De kanker groeit in de lamina propria, muscularis mucosa (het weefsel onder het epitheel), submucosa of de dikke spierlaag (muscularis propria). De kanker is niet uitgezaaid naar nabijgelegen lymfeklieren of naar verre organen.

De kanker kan van elke graad of van onbekende graad zijn en zich overal in de slokdarm bevinden.

IIA

De kanker groeit in de dikke spierlaag (muscularis propria). De kanker is niet uitgezaaid naar nabijgelegen lymfeklieren of verre organen.

De kanker kan graad 2 of 3 of een onbekende graad hebben en zich overal in de slokdarm bevinden.

OR

De kanker is uitgezaaid naar de buitenste laag van de slokdarm (de adventitia). De kanker is niet uitgezaaid naar nabijgelegen lymfeklieren of verre organen.

De kanker kan een van de volgende zijn:

  • Iedere graad en gelegen in de onderste slokdarm OF
  • Graad 1 en gelegen in de bovenste of middelste slokdarm.

IIB

De kanker groeit in de buitenste laag van de slokdarm (de adventitia). De kanker is niet uitgezaaid naar nabijgelegen lymfeklieren of verre organen.

De kanker kan een van de volgende zijn:

  • Graad 2 of 3 en gelegen in het bovenste of middelste deel van de slokdarm OF
  • Een onbekende graad en overal in de slokdarm gelegen OF
  • Een graad en een onbekende plaats in de slokdarm hebben.

OR

De kanker groeit in de lamina propria, muscularis mucosa (het weefsel onder het epitheel) of in de submucosa. De kanker is uitgezaaid naar 1 of 2 nabijgelegen lymfeklieren.

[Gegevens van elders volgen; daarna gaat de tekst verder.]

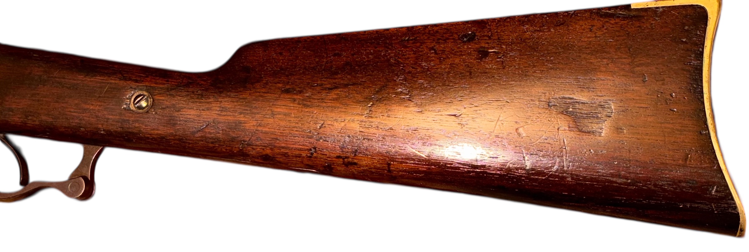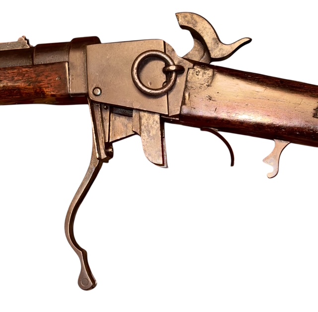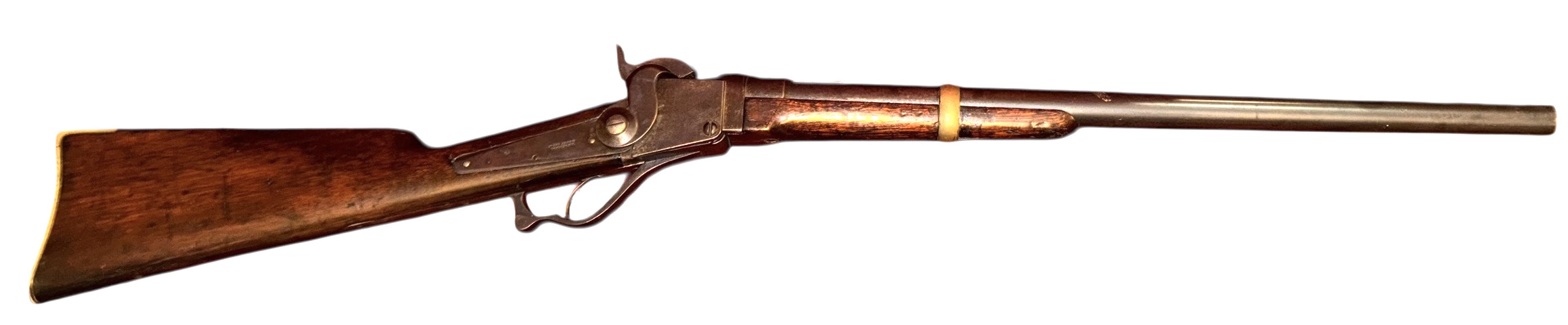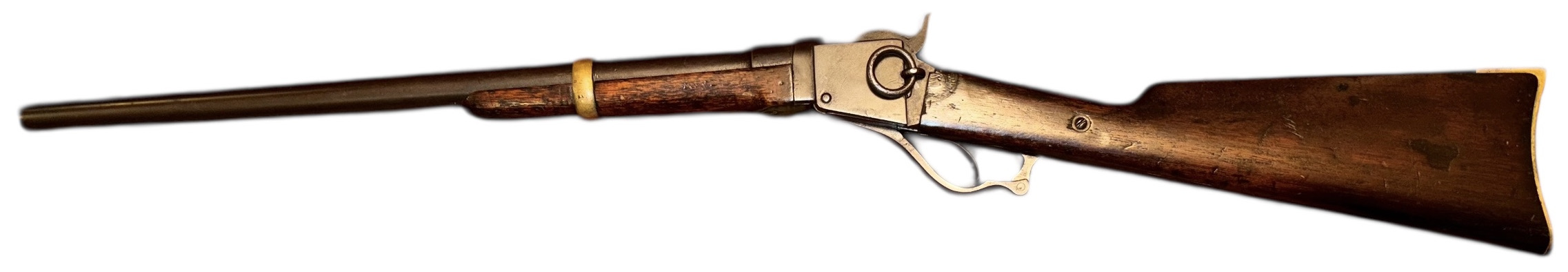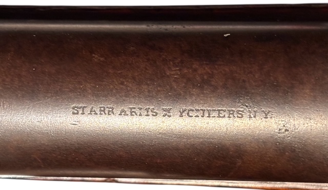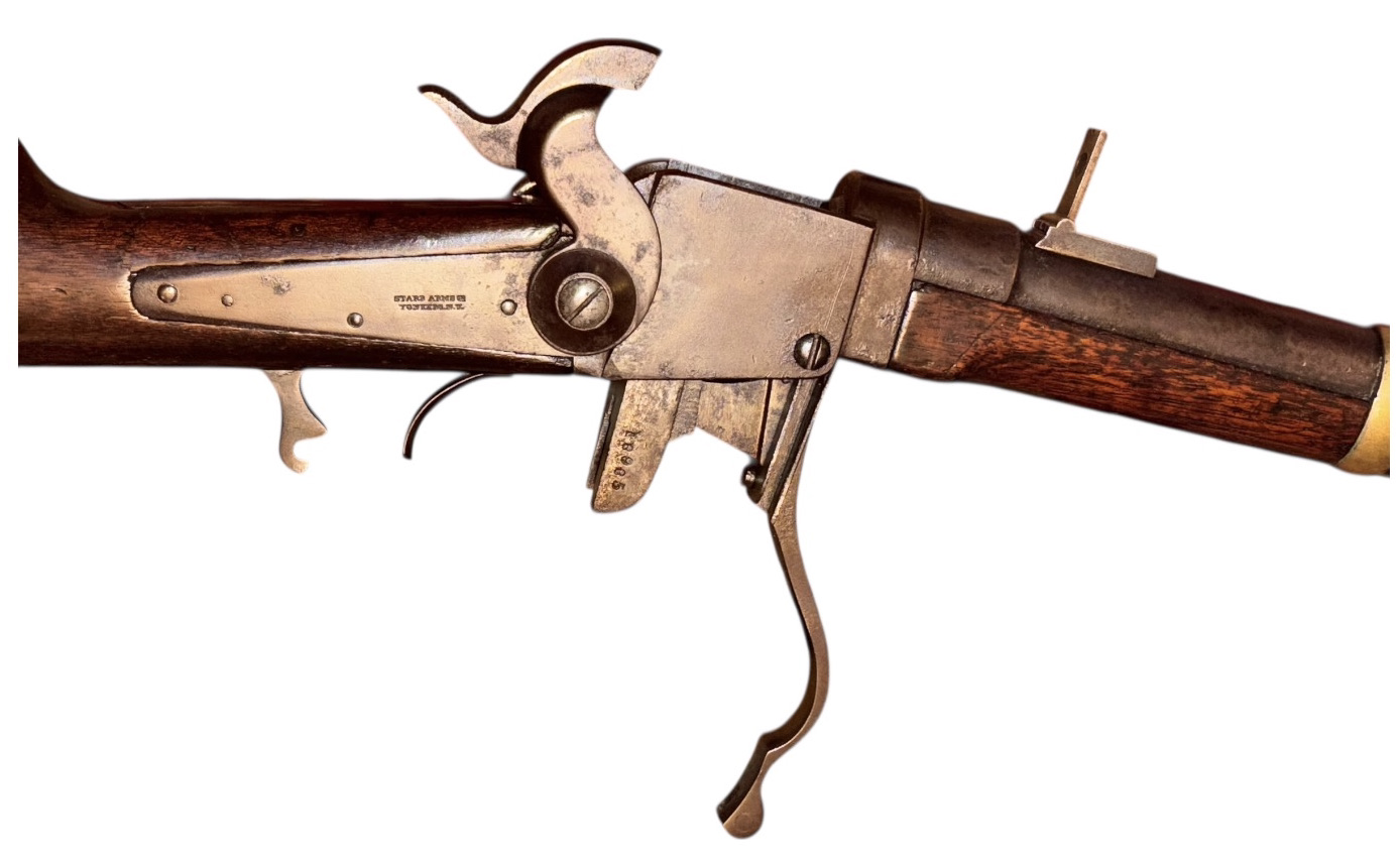 Civil War Period Starr Percussion Carbine – This Starr carbine is an excellent example of a Civil War period carbine for which the Federal Government contracted just slightly over 20,000, mid-war; by 1863, shipments of the Starr carbines were starting to be delivered, with the balance of the shipment completed by August of 1864. The serial number, which is stamped in the breech block, appears to be 18,985, indicative of one of the latter group of carbines delivered to the government. These carbines were breechloading, .54 caliber weapons, which operated as single shot firearms, with a combination trigger guard and lever that dropped the breechblock for chambering a round. This carbine is in overall very good condition – it retains a considerable amount of original bluing on the barrel and some casehardening on the receiver and lock; both brass elements – the butt plate and barrel band – remain in excellent condition with pleasing aged patinas; the walnut butt stock and fore stock’s finish remains in excellent condition with only some very minor period use blemishes; the firing action is strong; both sights remain; the bore has a considerable amount of rifling remaining. All of the correct markings are readily visible: the barrel, in front of the rear sight, is stamped: “STARR ARMS CO. YONKERS, N.Y.”; the upper tang of the receiver is stamped: “STARR’S PATENT / SEPT. 14TH 1858”; single letter sub-inspector stamps appear on various parts of the carbine. Starr carbines would see service with these Union cavalry regiments: 24th NY, 11th Missouri, 5th Kansas and the 1st Arkansas. The inventor of these carbines and Starr pistols, both used during the Civil War, was Ebeneezer Starr, son of famed gunmaker Nathan Starr, Jr. During war period government tests, Federal agents rated the Starr as better than the Sharps carbine.
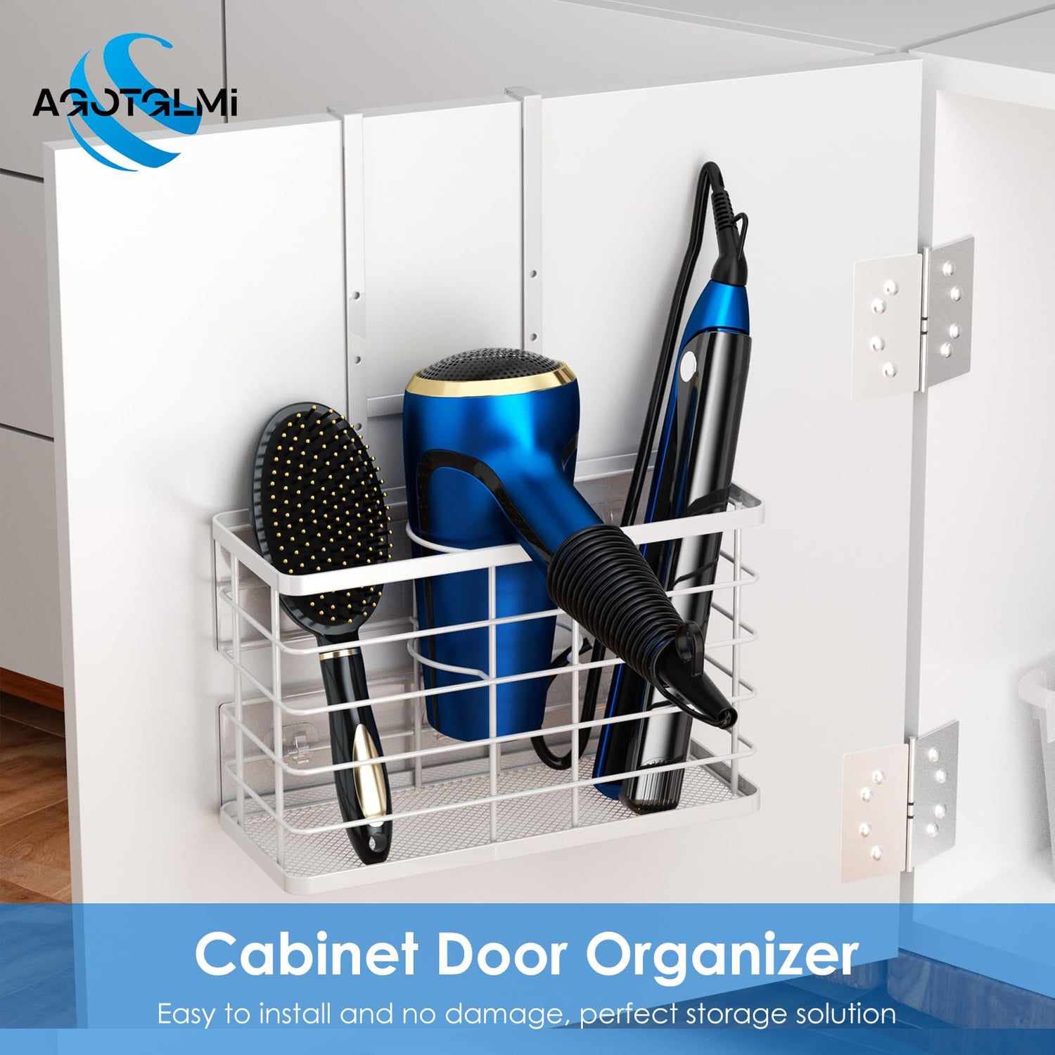 - 【Enjoy Your Extra Space】Agotglmi blow dryer holder meet your different demands. The cabinet door organizer have 3 compartments, it's perfect for holding all your hair care styling tools: hair dryer, blow dryers, flat Iron, curling iron, clippers, straightener, brush, comb, beauty products and more to keep your bathroom more organized and easy to grab any of the tools. Ideal for bathrooms, guest bathrooms and powder rooms etc.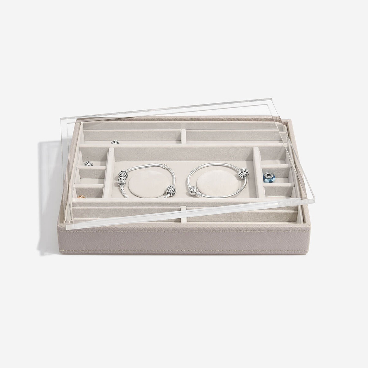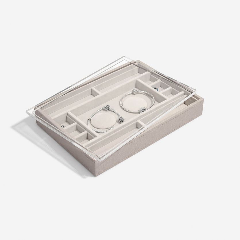 Лоток для драгоценностей с крышкой lc designs co. ltd. арт.74403. Кол-во часов: Бренд: LC Designs Co. Ltd (Англия) Габариты: Материал корпуса: Экокожа Цвет: Серый Лоток для драгоценностей с крышкой LC Designs Co. Ltd. арт.74403 классического дизайна для комфортного хранения украшений, ожерелий, браслетов, цепочек Состоит из одного яруса который в свою очередь имеет много отделений для различных украшений . Имеется акриловая крышка. Изготовлена из высококачественного материала - экокожи, серого цвета. При изготовлении шкатулки используется лишь дорогая и качественная фурнитура.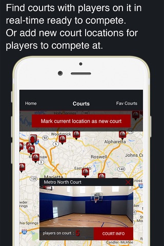 Where the real ballers at! Check the map (Courts) on League For Basketball to get realtime info of how many players are checked-in at courts nearby. No more showing up to play ball and no one is there. And you can discover new places to play that you never knew about before. Receive notifications when players are checking in at your favorite courts.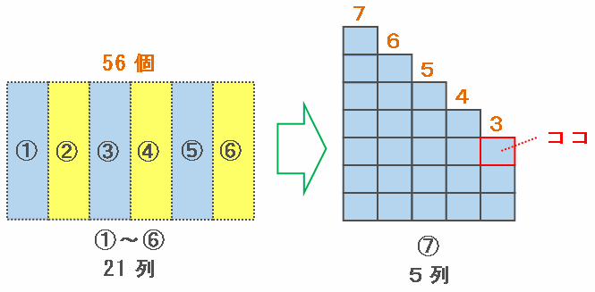 また、6グループ目の最後の数は56なので、そこからさらに7+6+5+4+3=25個進むと、次の図のように7グループ目の5列目にある下から3段目に到着します。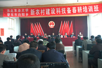 我校一行得到了肇东市委、市政府的热烈欢迎,肇东市市委副书记孙景山、副市长李霈霜等亲切迎接我校专家、教授。在“新农村建设科技备春耕培训班”开幕式上,李庆章校长代表我校党委、行政对培训班的顺利开班表示祝贺。他回顾了我校一年来在帮扶肇东市向阳乡中心村新农村建设中采取的各项措施。他强调指出,新农村建设物质方面的帮助只能解决一时之需,社会主义新农村建设必须依靠科技和教育的大力支撑。李校长还代表学校向向阳乡中心小学捐赠了乒乓球台及篮球、足球、排球等体育用品,并向向阳乡农民捐赠了蛋鸡、奶牛等专业养殖技术丛书百余册。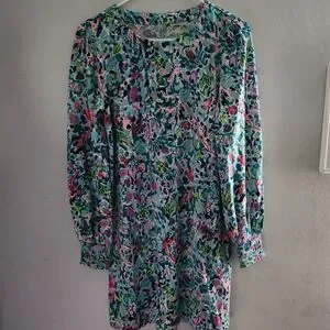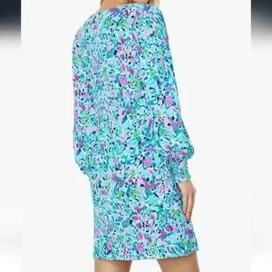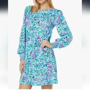 Lilly Pulitzer Diann Long Sleeve Mini Dress Smocked Printed Cotton S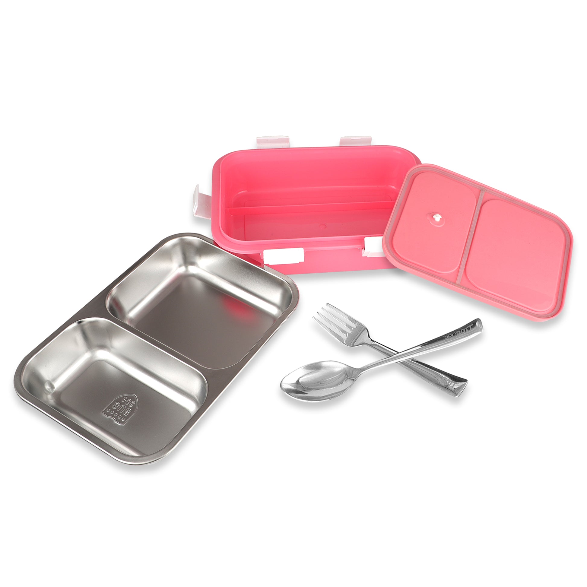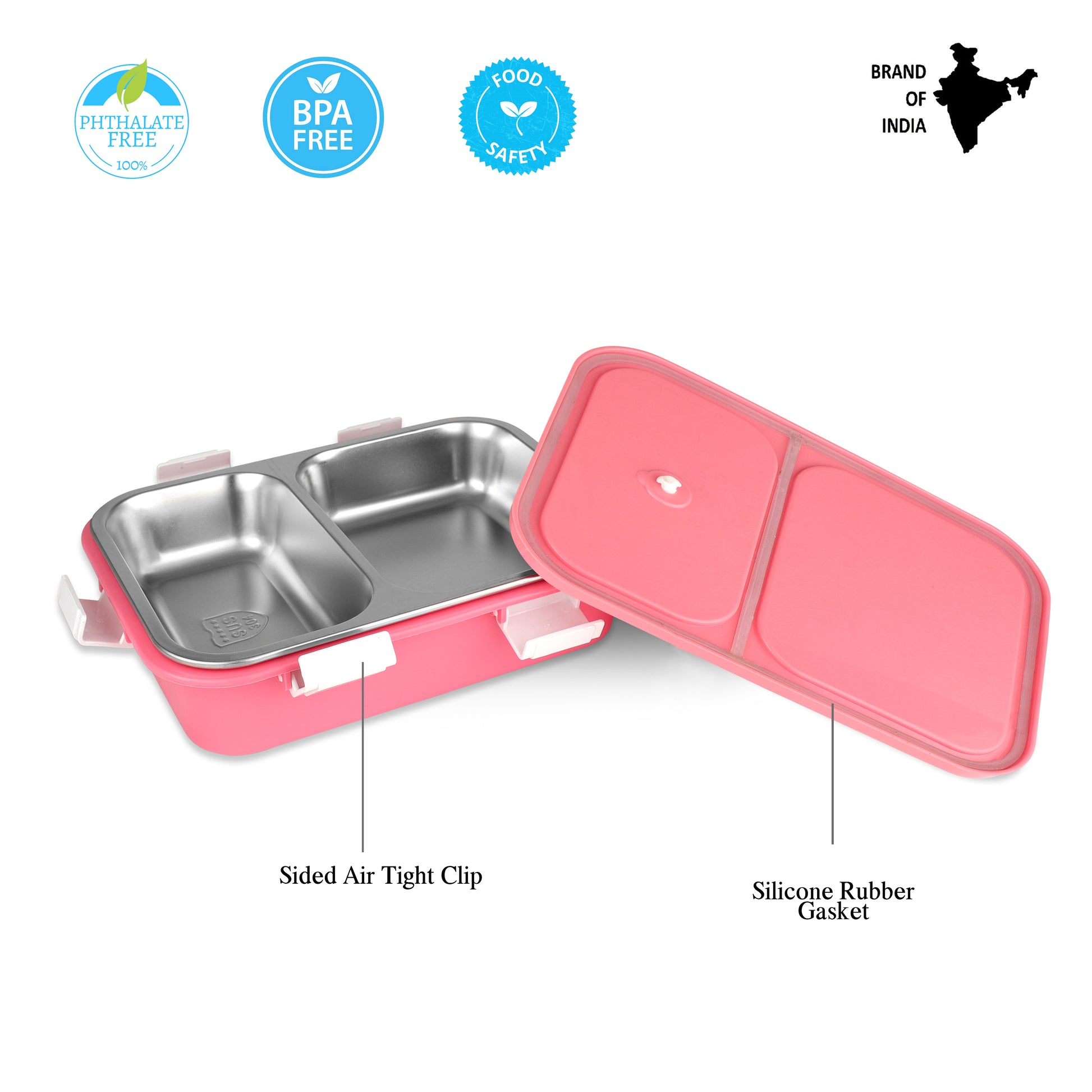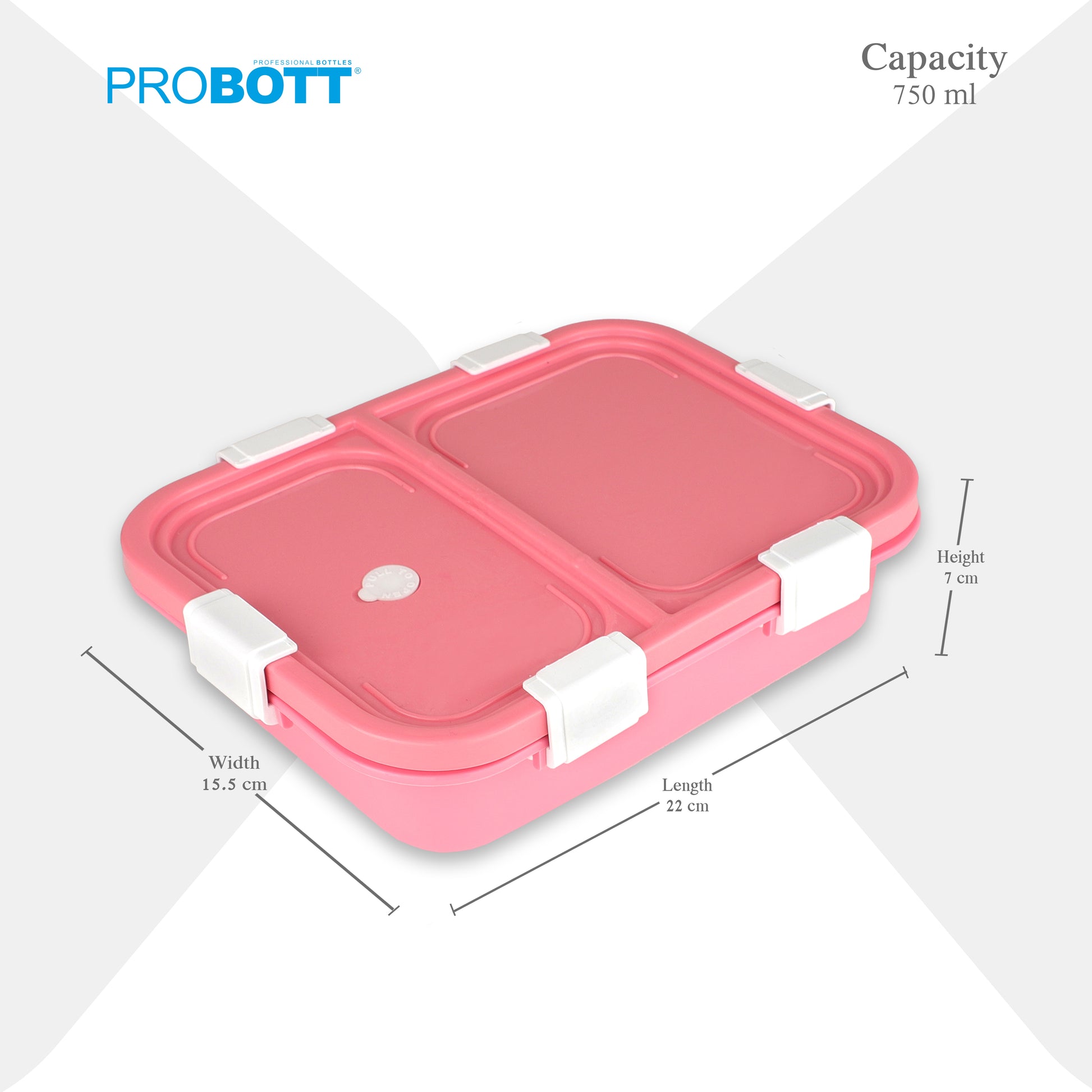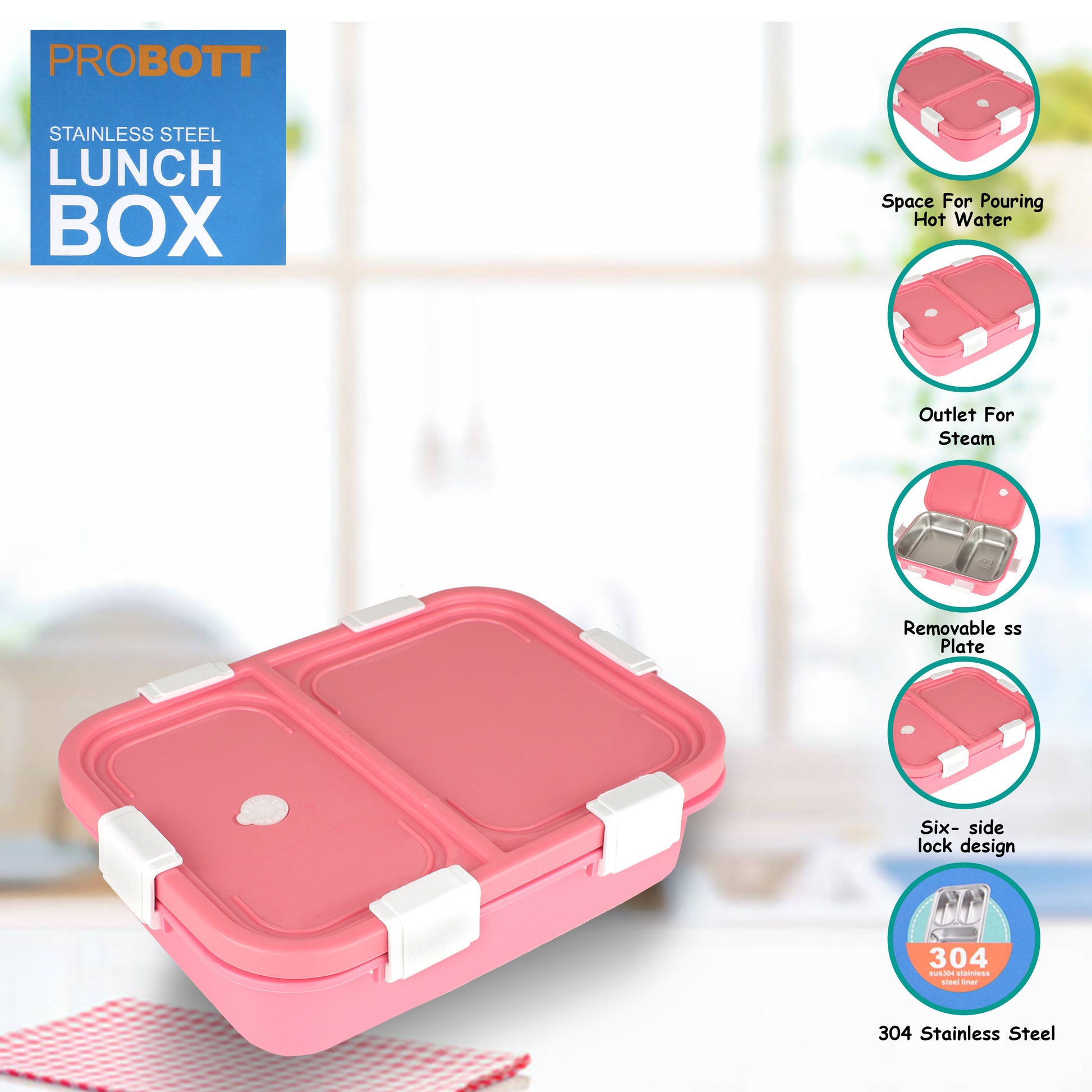 PROBOTT Snaplock 750 ml Stainless Steel Lunch Box, 2 Grid BPA Free Tiffin Box, Perfect for School, Office, Travel, Picnic | Pink

De kanker kan van elke graad zijn en zich overal in de slokdarm bevinden.

IIIA

De kanker groeit in de lamina propria, muscularis mucosa (het weefsel onder het epitheel), submucosa of de dikke spierlaag (muscularis propria). Het is uitgezaaid naar niet meer dan 6 nabijgelegen lymfeklieren. De kanker is niet uitgezaaid naar verre organen.

De kanker kan van elke graad zijn en zich overal in de slokdarm bevinden.

IIIB

De kanker groeit in:

  • De dikke spierlaag (muscularis propria) en uitgezaaid naar niet meer dan 6 nabijgelegen lymfeklieren OF
  • De buitenste laag van de slokdarm (de adventitia) en uitgezaaid naar niet meer dan 6 nabijgelegen lymfeklieren OF
  • Het borstvlies (de dunne weefsellaag die de longen bedekt), het pericardium (de dunne zak rond het hart), of het diafragma (de spier onder de longen die de borst scheidt van de buik) en uitgezaaid naar niet meer dan 2 nabijgelegen lymfeklieren.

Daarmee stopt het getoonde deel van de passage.